# Work task
Copy the lines below exactly. No picture goes into the copy.

# Dataset section
- - - -

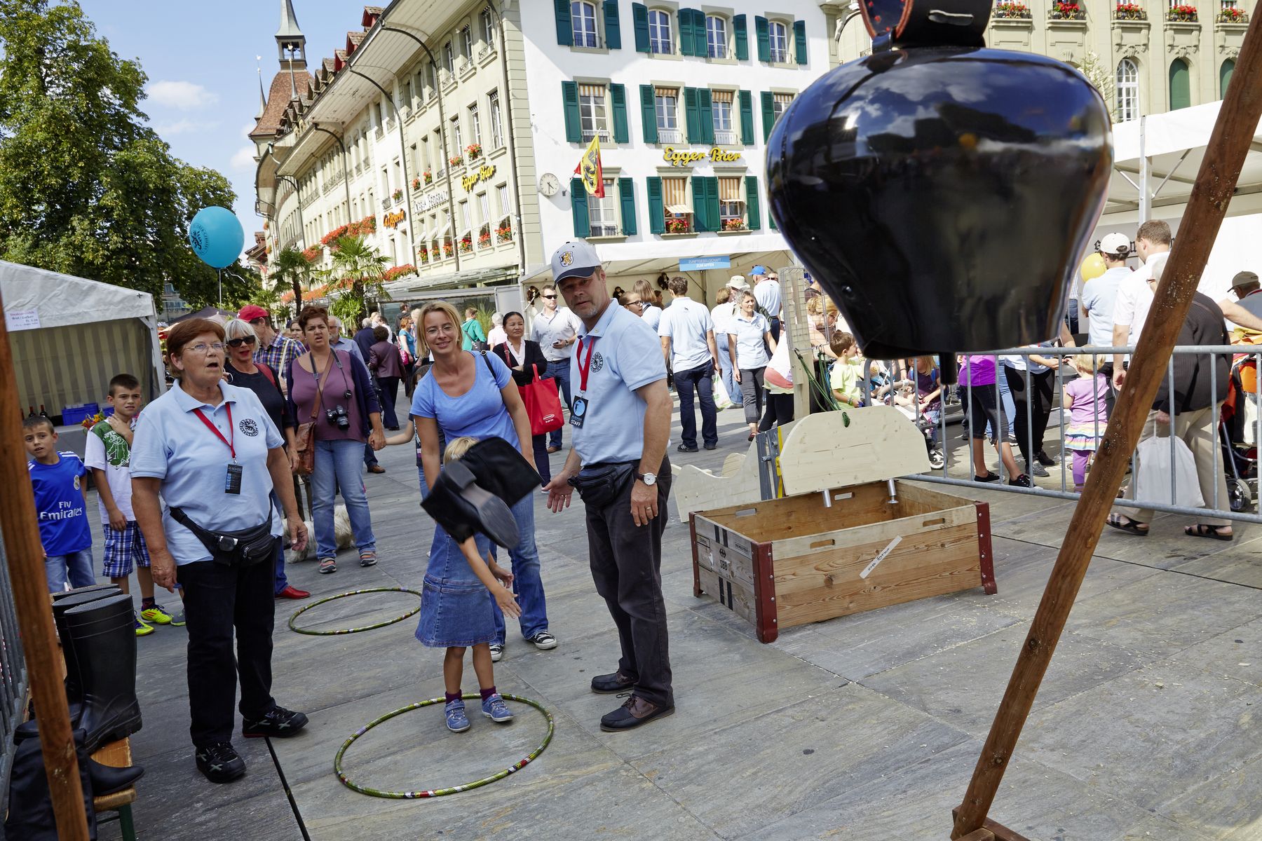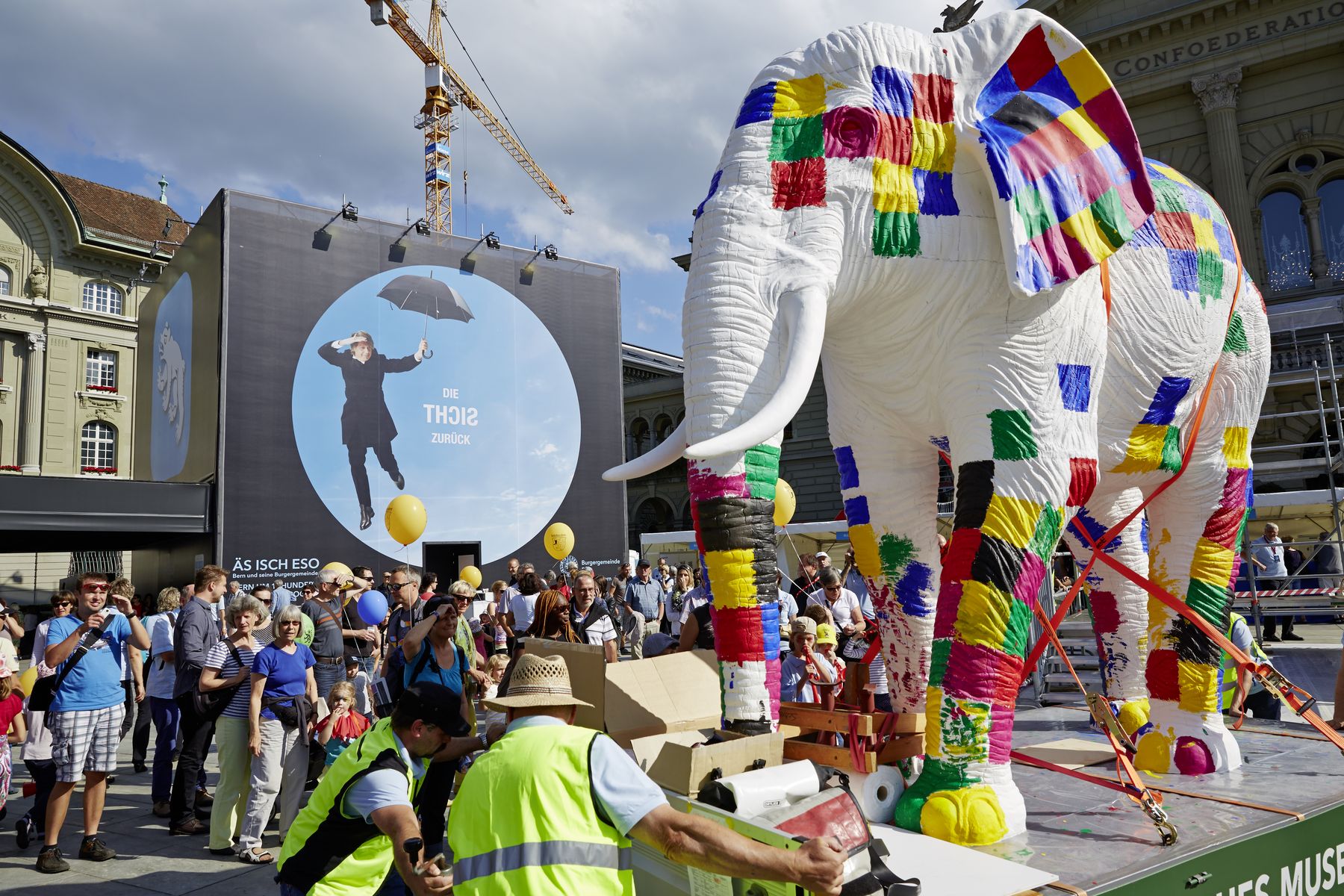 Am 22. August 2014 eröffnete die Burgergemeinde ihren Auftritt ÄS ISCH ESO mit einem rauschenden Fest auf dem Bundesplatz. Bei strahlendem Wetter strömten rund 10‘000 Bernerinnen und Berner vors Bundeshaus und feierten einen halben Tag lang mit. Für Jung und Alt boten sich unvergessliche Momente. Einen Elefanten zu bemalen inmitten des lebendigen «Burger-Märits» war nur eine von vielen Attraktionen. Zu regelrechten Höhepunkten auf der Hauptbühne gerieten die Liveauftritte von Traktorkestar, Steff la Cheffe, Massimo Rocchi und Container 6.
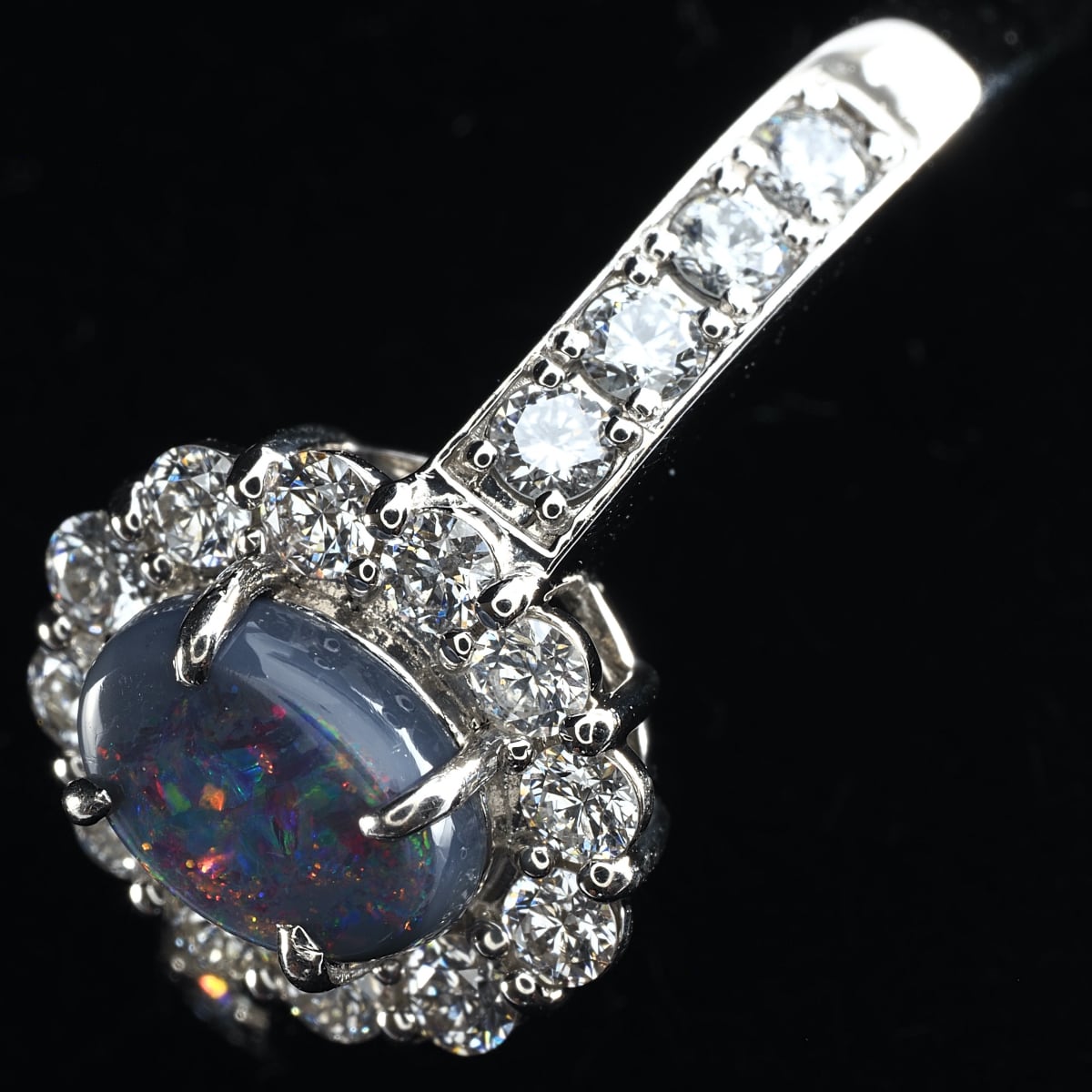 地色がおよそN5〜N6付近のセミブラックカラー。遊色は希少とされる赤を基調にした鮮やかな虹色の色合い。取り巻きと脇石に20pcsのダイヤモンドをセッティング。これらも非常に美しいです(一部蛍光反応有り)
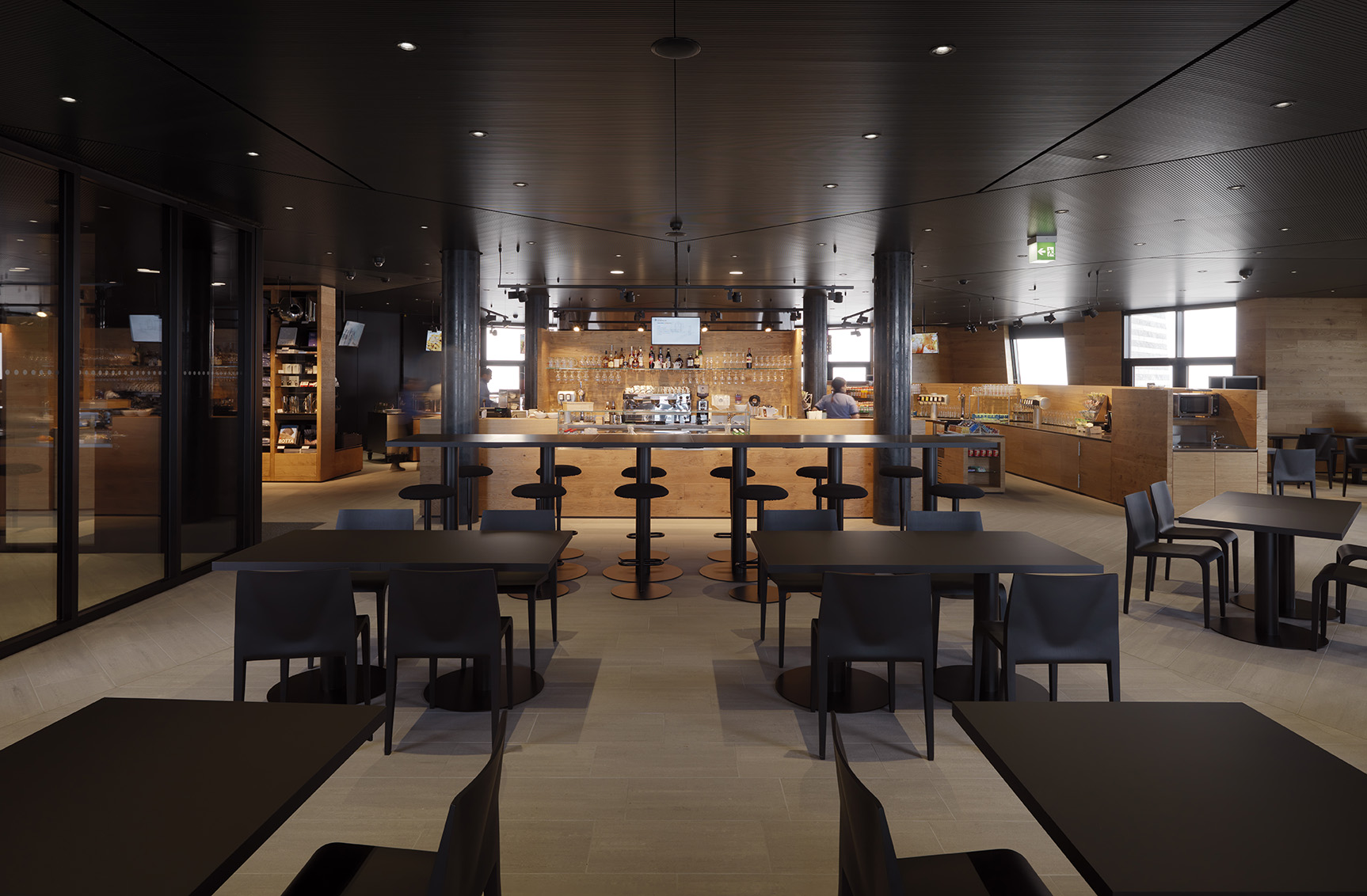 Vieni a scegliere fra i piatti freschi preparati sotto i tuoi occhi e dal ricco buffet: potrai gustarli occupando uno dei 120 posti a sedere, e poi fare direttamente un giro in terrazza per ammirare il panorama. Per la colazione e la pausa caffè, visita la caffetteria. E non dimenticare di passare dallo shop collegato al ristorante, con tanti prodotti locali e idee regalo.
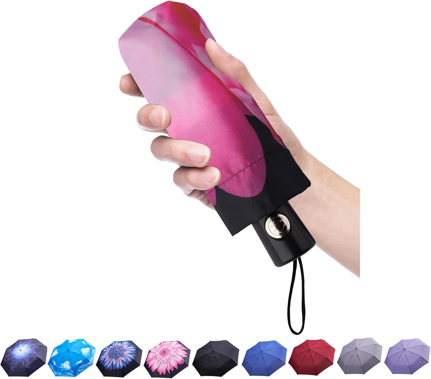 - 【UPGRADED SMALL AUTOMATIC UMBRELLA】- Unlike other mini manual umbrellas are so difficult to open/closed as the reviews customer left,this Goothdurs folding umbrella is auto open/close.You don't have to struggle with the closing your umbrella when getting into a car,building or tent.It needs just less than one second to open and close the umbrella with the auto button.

- - - -

# Answer area
 Am 22. August 2014 eröffnete die Burgergemeinde ihren Auftritt ÄS ISCH ESO mit einem rauschenden Fest auf dem Bundesplatz. Bei strahlendem Wetter strömten rund 10‘000 Bernerinnen und Berner vors Bundeshaus und feierten einen halben Tag lang mit. Für Jung und Alt boten sich unvergessliche Momente. Einen Elefanten zu bemalen inmitten des lebendigen «Burger-Märits» war nur eine von vielen Attraktionen. Zu regelrechten Höhepunkten auf der Hauptbühne gerieten die Liveauftritte von Traktorkestar, Steff la Cheffe, Massimo Rocchi und Container 6.
 地色がおよそN5〜N6付近のセミブラックカラー。遊色は希少とされる赤を基調にした鮮やかな虹色の色合い。取り巻きと脇石に20pcsのダイヤモンドをセッティング。これらも非常に美しいです(一部蛍光反応有り)
 Vieni a scegliere fra i piatti freschi preparati sotto i tuoi occhi e dal ricco buffet: potrai gustarli occupando uno dei 120 posti a sedere, e poi fare direttamente un giro in terrazza per ammirare il panorama. Per la colazione e la pausa caffè, visita la caffetteria. E non dimenticare di passare dallo shop collegato al ristorante, con tanti prodotti locali e idee regalo.
 - 【UPGRADED SMALL AUTOMATIC UMBRELLA】- Unlike other mini manual umbrellas are so difficult to open/closed as the reviews customer left,this Goothdurs folding umbrella is auto open/close.You don't have to struggle with the closing your umbrella when getting into a car,building or tent.It needs just less than one second to open and close the umbrella with the auto button.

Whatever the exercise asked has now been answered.